Kuterima takdirku dengan sedih, setelah sekian lama mengikuti pak haji ke mana pun beliau pergi, aku harus berhenti di sini. Dalam tong sampah yang kotor dan bau. Padahal, biasanya pak haji memakaiku untuk memelihara kakinya agar tetap bersih.

"Kaukah itu, suamiku?"

Eh, itu suara istriku. Di mana dia? Mataku mencari-cari keberadaannya. Kugeser tubuhku sedikit demi sedikit, dan akhirnya ... kutemukan dia. Alhamdulillah, ya Allah.

"Bagaimana kau bisa sampai di sini, istriku?"

"Anak-anak iseng itu melemparkanku sampai jalanan. Seseorang memungutku dan membuangku di sini," jawabnya sedih.

"Oh, pantas. Mereka juga menyembunyikanku di antara pot-pot tanaman. Pagi ini penjaga mushola menemukanku dan membuangku kemari. Awalnya, aku sedih sekali, tapi sekarang sudah agak berkurang karena menemukanmu di sini. Semalaman aku mencarimu."

Percakapan kami terhenti ketika seseorang membuka tutup tong sampah. Aku mengenalinya, dia adalah salah satu anak yang suka iseng di mushola. Matanya berbinar melihat kami.

"Alhamdulillah, akhirnya ketemu. Aku harus segera mengembalikannya pada kakek," katanya riang.

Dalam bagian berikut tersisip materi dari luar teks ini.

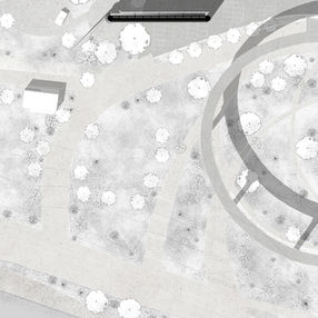 시설물의 배치는 두 교각의 위치로 자연스럽게 결정된다. 정면으로 나무-한강-청담대교-강 건너의 건물이 보이고 배면에는 강변북로가 지나간다. 숲 사이로 난 75m 길이의 경사로를 오르면 두 교각을 연결하는 길이 40m, 폭 1m의 좁은 통로가 나온다. 북적이는 한강공원에서 긴 경사로를 따라 오르며 차분해진 마음으로 공간을 마주한다. 한옥의 툇마루와 기본 형태가 같은 이 공간은 반복되는 기둥열을 기준으로 단차가 있어 걸터앉을 수 있다. 높고 좁은 천창과 화단이 놓인 개구부를 통해 빛과 바람이 유입된다. 바닥의 금속 그레이팅에는 자갈을 채워 빗소리와 걷는 소리가 더해진다. 공간의 끝에 다다르면 원형 계단을 통해 다시 공원으로 내려간다.
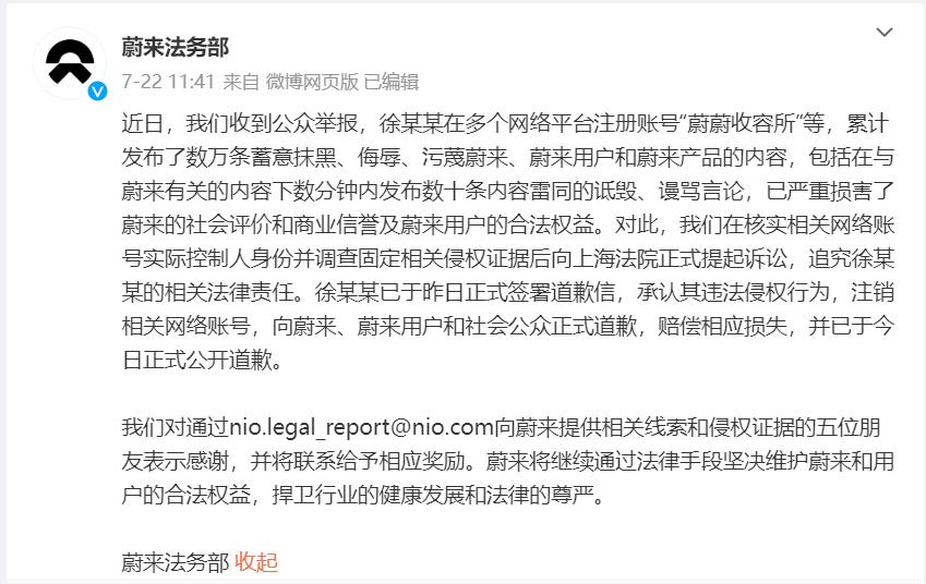 7月22日,蔚来法务部发文称收到公众举报,徐某某在多个网络平台注册账号“蔚蔚收容所”等,累计发布了数万条蓄意抹黑、侮辱、污蔑蔚来、蔚来用户和蔚来产品的内容,包括在与蔚来有关的内容下数分钟内发布数十条内容雷同的诋毁、谩骂言论,已严重损害了蔚来的社会评价和商业信誉及蔚来用户的合法权益。

Tangan kecil itu mengangkat  dan membersihkan tubuh kami. Guyuran air dan sabun terasa begitu menyegarkan. Dengan hati-hati, dia mengeringkan tubuh kami dengan lap kering dan memasukkannya dalam kantong plastik. Beberapa lama kami berayun-ayun dalam genggamannya.

"Assalamu'alaikum, kakek. Ihsan membawa sesuatu untukmu." katanya pada seseorang.

Sebuah tangan terjulur ke dalam kantong plastik tempat kami berada. Tangan yang sangat kukenal, tangan Haji Sulchan.

"Subhanallah, Ihsan. Ini kan sandal jepit kakek," katanya gembira. Segembira hatiku bertemu majikanku. Allah memang selalu memberi yang terbaik. Alhamdulillah.